ML Ops: Machine Learning as an Engineering Discipline

As ML matures from research to applied business solutions, so do we need to improve the maturity of its operation processes

Published in

Towards Data Science

10 min readJan 3, 2020

So, your company decided to invest in machine learning. You have a talented team of Data Scientists churning out models to solve important problems that were out of reach just a few years ago. All performance metrics are looking great, the demos cause jaws to drop and executives to ask how soon you can have a model in production.

It should be pretty quick, you think. After all, you already solved all the advanced scienc-y, math-y problems, so all that’s left is routine IT work. How hard can it be?

Pretty hard, it turns out. Deeplearning.ai reports that “only 22 percent of companies using machine learning have successfully deployed a model”. What makes it so hard? And what do we need to do to improve the situation?

Let’s start by looking at the root causes.

Challenges

In the world of traditional software development, a set of practices known as DevOps have made it possible to ship software to production in minutes and to keep it running reliably. DevOps relies on tools, automation and workflows to abstract away the accidental complexity and let developers focus on the actual problems that need to be solved. This approach has been so successful that many companies are already adept at it, so why can’t we simply keep doing the same thing for ML?

The root cause is that there’s a fundamental difference between ML and traditional software: ML is not just code, it’s code plus data. An ML model, the artifact that you end up putting in production, is created by applying an algorithm to a mass of training data, which will affect the behavior of the model in production. Crucially, the model’s behavior also depends on the input data that it will receive at prediction time, which you can’t know in advance.

While code is carefully crafted in a controlled development environment, data comes from that unending entropy source known as “the real world”. It never stops changing, and you can’t control how it will change. A useful way to think of their relationship is as if code and data live in separate planes, which share the time dimension but are independent in all others. The challenge of an ML process is to create a bridge between these two planes in a controlled way.

Code and data evolve independently. We can think of them as separate planes with a common time dimension.

This fundamental disconnect causes several important challenges that need to be solved by anyone trying to put an ML model in production successfully, for example:

Slow, brittle and inconsistent deployment
Lack of reproducibility
Performance reduction (training-serving skew)

Since the word “data” has been already used several times in this article, you may be thinking of another discipline that could come to our rescue: Data Engineering. And you would be right: Data Engineering does provide important tools and concepts that are indispensable to solving the puzzle of ML in production. In order to crack it, we need to combine practices from DevOps and Data Engineering, adding some that are unique to ML.

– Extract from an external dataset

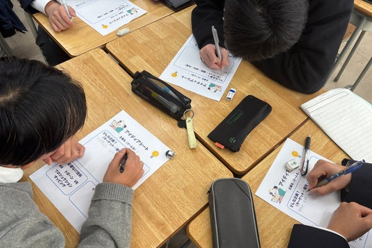 ProVisionが提供するプロモーションサービスを題材に、「学校を有名にするイベント」をテーマとしたグループワークを実施しました。生徒のアイデアをもとにAIでイメージを画像化することで、企画が形になる過程を体験。グループごとに全く異なるイベント案が生まれ、発表時には活発な意見交換が行われました。

Thus, ML Ops can be defined by this intersection:

ML Ops is the intersection of Machine Learning, DevOps and Data Engineering

Thus, we could define ML Ops as follows:

ML Ops is a set of practices that combines Machine Learning, DevOps and Data Engineering, which aims to deploy and maintain ML systems in production reliably and efficiently.

Let’s now see what this actually means in more detail, by examining the individual practices that can be used to achieve ML Ops' goals.

Practices

Hybrid Teams

Since we’ve already established that productionizing an ML model requires a set of skills that so far were considered separate, in order to be successful we need a hybrid team that, together, covers that range of skills. It is of course possible that a single person might be good enough at all of them, and in that case we could call that person a full ML Ops Engineer. But the most likely scenario right now is that a successful team would include a Data Scientist or ML Engineer, a DevOps Engineer and a Data Engineer.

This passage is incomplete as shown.